In light of the above legal principles, the circumstances alleged by the Defendant and the Prosecutor as the elements of sentencing were already revealed during the hearing of the lower court, and there was no particular change in circumstances that may be the conditions of sentencing after the sentence of the lower court was rendered. In addition, considering the circumstances in the grounds of sentencing, the Defendant’s age, character and behavior and environment, circumstances after committing the crime, the circumstances after the crime, the sentencing factors of the lower court, and the opinions on the sentencing expressed by jurors at the lower court that was conducted as participatory trials, including the sentencing guidelines of the Supreme Court Sentencing Committee, and the sentencing factors indicated by jurors at the lower court that were held as participatory trials, it is reasonable to respect the lower court’s sentencing since it was conducted within the reasonable scope
Therefore, each of the defendant and prosecutor's arguments on unreasonable sentencing is without merit.
3. Conclusion
Therefore, the appeal filed by the defendant and the prosecutor is without merit, and all of them are dismissed in accordance with Article 364 (4) of the Criminal Procedure Act.

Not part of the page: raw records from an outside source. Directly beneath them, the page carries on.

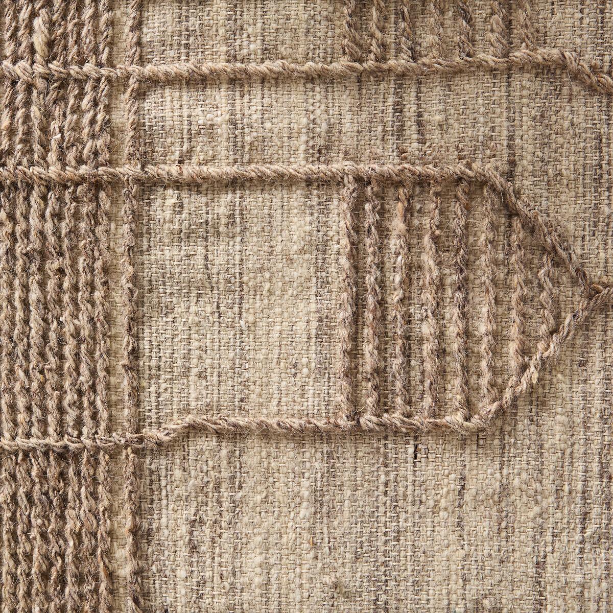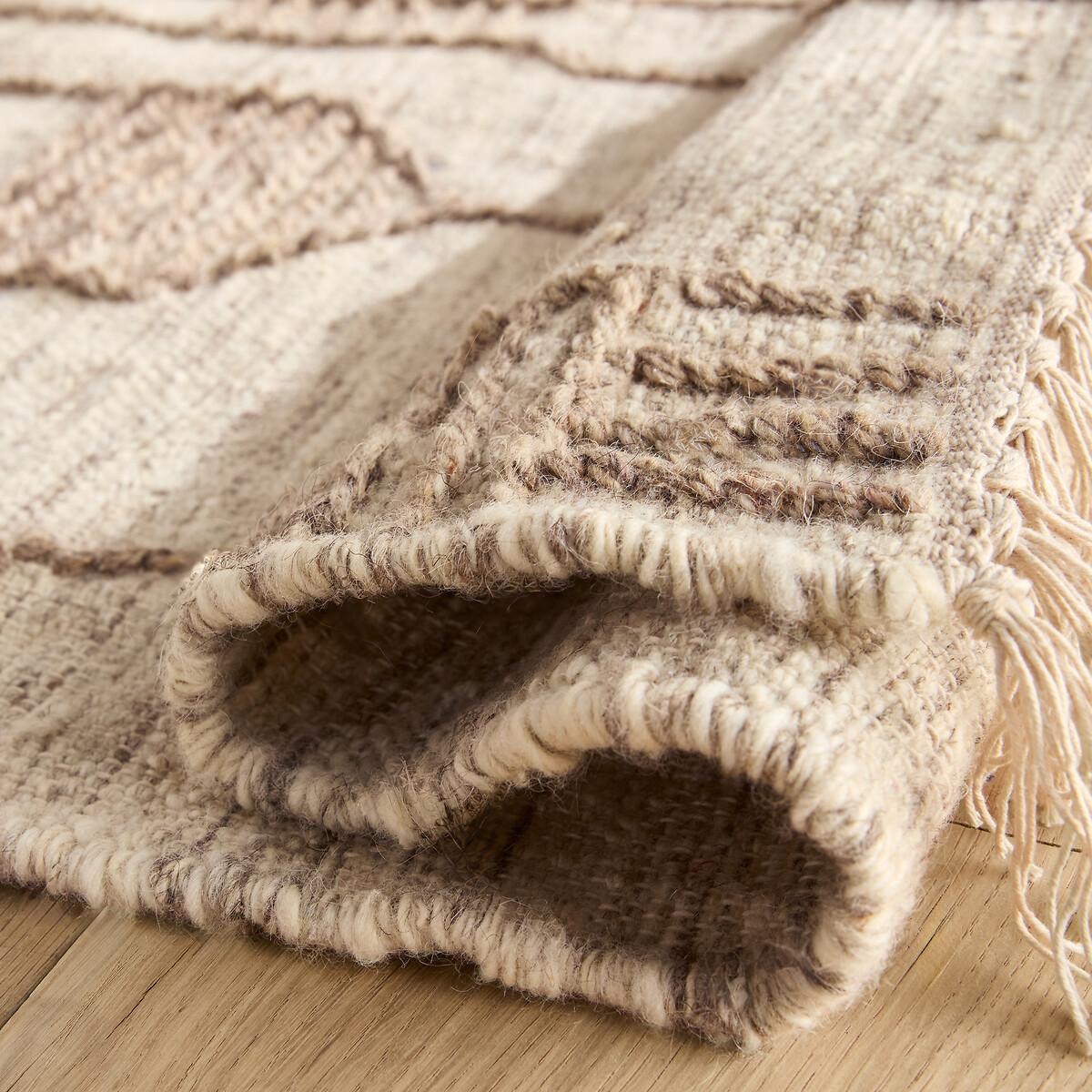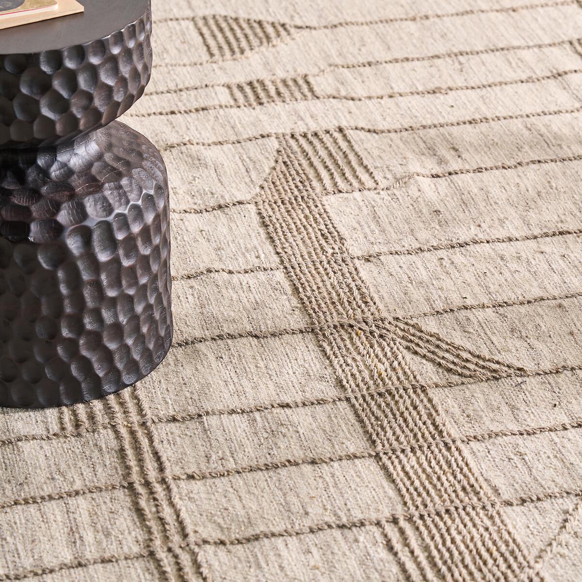 Its design, inspired by nomadic symbols, creates free geometric shapes. Embroidered on a textured base, they create harmonious lines and 3D textures, enhanced by a combo of natural tones, veering between rock and sand. All our rugs are handcrafted, a guarantee of quality and uniqueness. Real decorative elements, thermal and sound insulators, they warm the atmosphere. Product Details • 84% wool, 16% cotton • Craftsmanship: hand woven • Weight: 1500gsm • Pile height: Flat woven. Quality Info • Wool is a warm and comfortable natural fibre. In addition to being resistant to wear and durable over time, the wool carpet is also an excellent thermal and sound insulator. • Each piece is handcrafted, according to ancestral know-how. There may therefore be slight variations in colour from one carpet to another.. They contribute to the beauty of each piece and make it unique. Care Advice • Some materials such as wool are very fibrous and you can actually observe a piling during the first weeks of use: this is a normal for this type of product and is not a defect. Remove the excess fibres by hand where possible, do not use a vacuum cleaner with a rotating brush as this can pull and tear the fibres. The pilling will improve over time. • For maintenance, we advise you to vacuum it very little the first month and then to vacuum it without rubbing too much always without using the brush. • Remove any stains immediately with a clean, damp cloth. • Dry clean recommended. Dimensions • Width 120 x Length 180cm • Width 160 x Length 230cm • Width 200 x Length 290cmDelivery:. Available for home delivery.
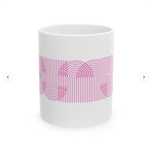 Loading image: Pink bandana with white geometric pattern and text on a pink background
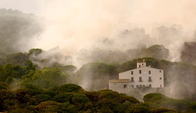 Дом окутан дымом от лесных пожаров в испанской провинции Жирона. © Albert Gea/Reuters
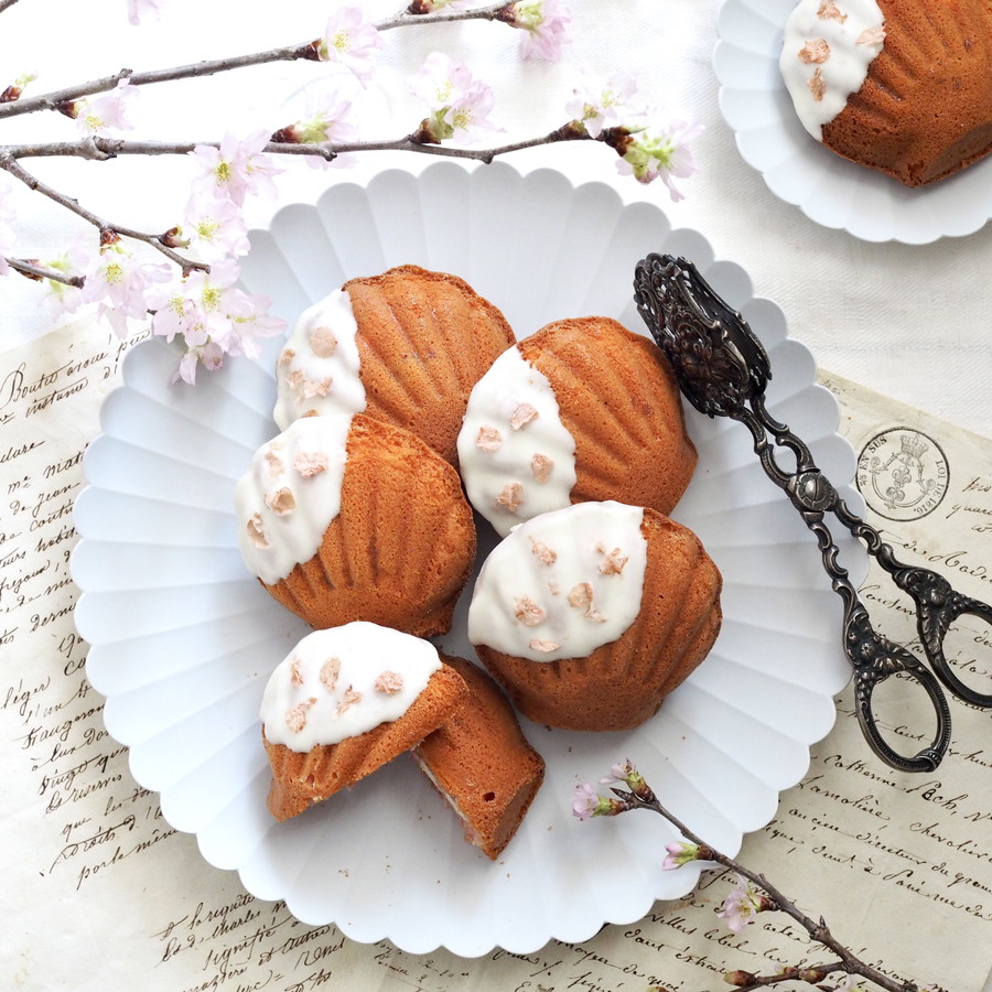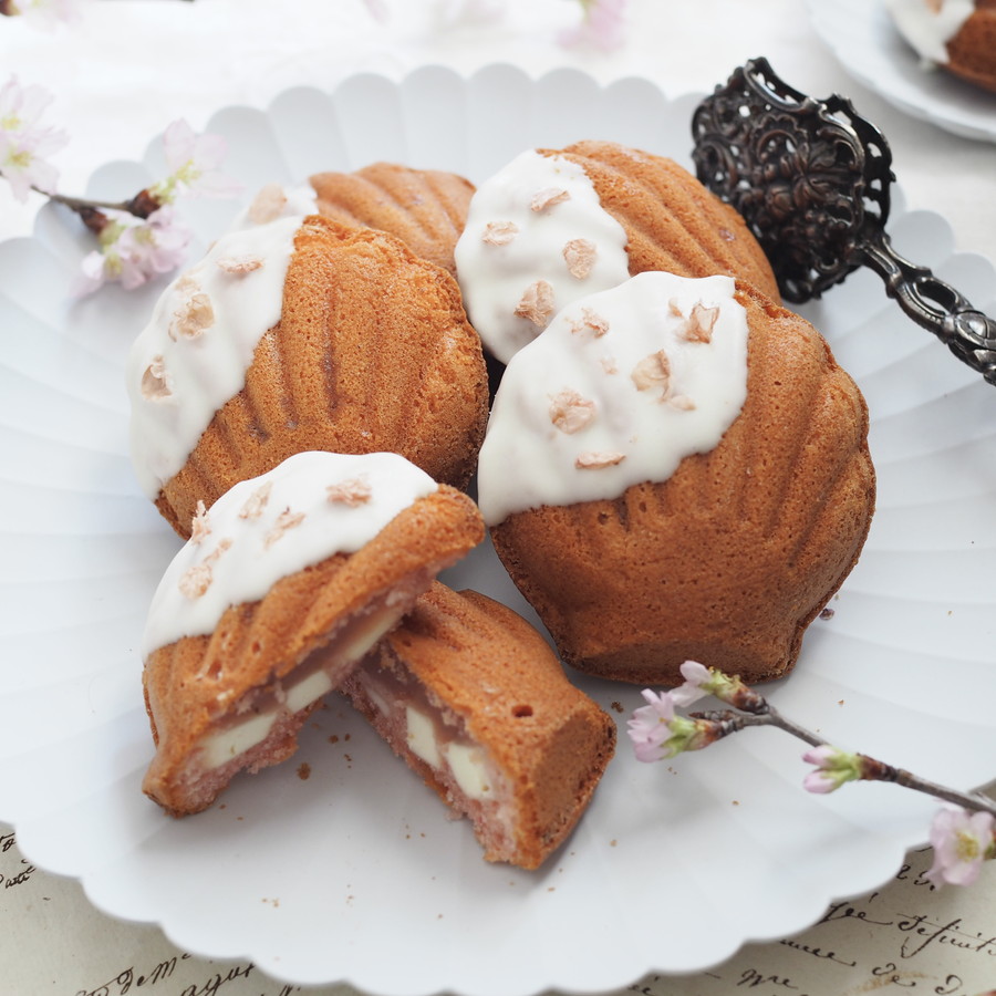 桜生地のマドレーヌの中には桜あんとクリームチーズが入っています。

The associate judge of the presiding judge
Judge Kang Jin-hun
Judges Apparentity
1) The jury in the participatory trial also expressed his opinion that the defendant cannot be admitted as a claim for mental disability.
2) It shall be reduced as follows: 118 to 177.
3) It shall be reduced as follows: hereinafter referred to as 191~193, 413.
4) At the original trial, one juror was sentenced to imprisonment for 20 years, and eight jurors were sentenced to imprisonment for 25 years.